Lab 08 Examples (Sieve of Eratosthenes and Euclid's Algorithm)¶
Click <shift> <enter> in each code cell to run the code. Be sure to start with the #include directives to load the required libraries.
// For Lab 08, we are limited to using only <iostream> and <string>
#include <iostream>
#include <string>
Sieve of Eratosthenes¶
A prime number is a natural number greater than 1 that cannot be formed by multiplying two smaller natural numbers. In other words, a prime number has exactly two distinct positive divisors: 1 and itself.
7 is prime because its only divisors are 1 and 7.
8 is not prime because it can be divided evenly by 2 and 4 in addition to by 1 and 8.
9 is not prime because it can be divided evenly by 3 in addition to by 1 and 9.
The basic method to test whether a number is prime is to try dividing it by all integers from 2 up to the square root of the number. If none of these divisions results in a quotient with a remainder of zero, then the number is prime.

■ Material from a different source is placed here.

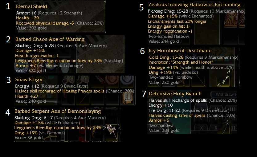 os weap (eternal shield, +15/-1 chaos axe, ...) + q9 mursaat bow

To test whether 29 is prime, we would try dividing it by 2, 3, 4, and 5 (the integers up to the square root of 29, which is about 5.39). Since none of these divisions results in a quotient with a remainder of zero, we conclude that 29 is prime.

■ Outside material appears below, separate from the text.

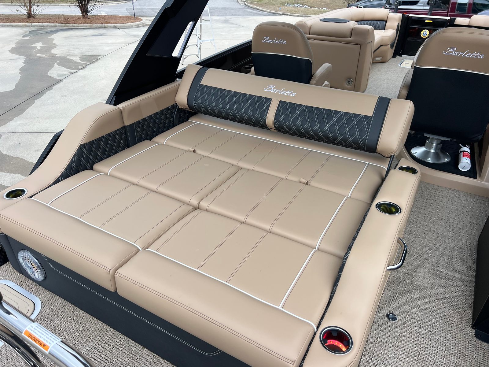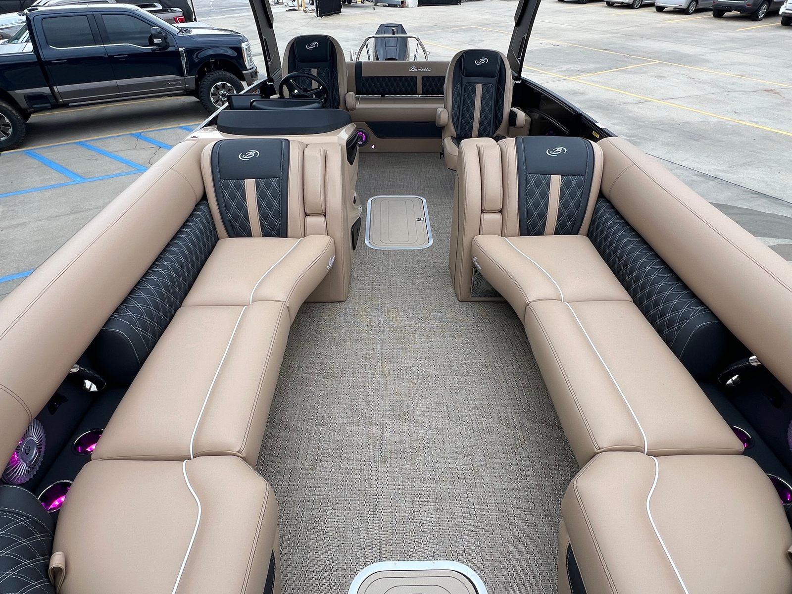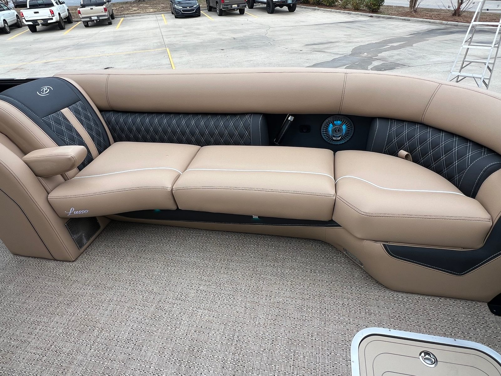 The 2026 Barletta Lusso L25UCA is packed with special features that enhance both comfort and convenience. The Blackout Package Lusso railskin adds a modern, sophisticated edge to the boat’s exterior, while the Black Diamond sweep and accent colors create a striking visual statement. Inside, the Carmella Tan with Onyx furniture offers plush seating and a refined look, perfectly complemented by the Amore Tan flooring for a cohesive and stylish interior.This pontoon boat is also equipped with an on-board battery charger for two batteries, ensuring you have reliable power for all your electronics and accessories. The Metal Jacket Protectant provides an extra layer of durability, helping to keep your boat looking pristine season after season. Every detail of the Lusso L25UCA is designed to provide a premium boating experience, making it a standout choice for those seeking a Barletta boat for sale.

| Divisor | Quotient (⌊29 / d⌋) | Remainder (29 % d) | Divides? |
|---|---|---|---|
| 2 | floor(29 / 2) = 14 | remainder(29 / 2) = 1 | No |
| 3 | floor(29 / 3) = 9 | remainder(29 / 3) = 2 | No |
| 4 | floor(29 / 4) = 7 | remainder(29 / 4) = 1 | No |
| 5 | floor(29 / 5) = 5 | remainder(29 / 5) = 4 | No |
Since none of the divisions produce a remainder of 0, the number 29 is prime.
The Sieve of Eratosthenes is a more efficient algorithm to find all prime numbers up to a specified integer n. It works by iteratively marking the multiples of each prime number starting from 2.
Consider the n = 30. We start with a list of all integers from 2 to 30:
| 2 | 3 | 4 | 5 | 6 | 7 | 8 | 9 | 10 | 11 |
| 12 | 13 | 14 | 15 | 16 | 17 | 18 | 19 | 20 | 21 |
| 22 | 23 | 24 | 25 | 26 | 27 | 28 | 29 | 30 |
We begin with the first number in the list, which is 2. We mark all multiples of 2 (except 2 itself) as non-prime: (yellow highlight indicates non-prime numbers)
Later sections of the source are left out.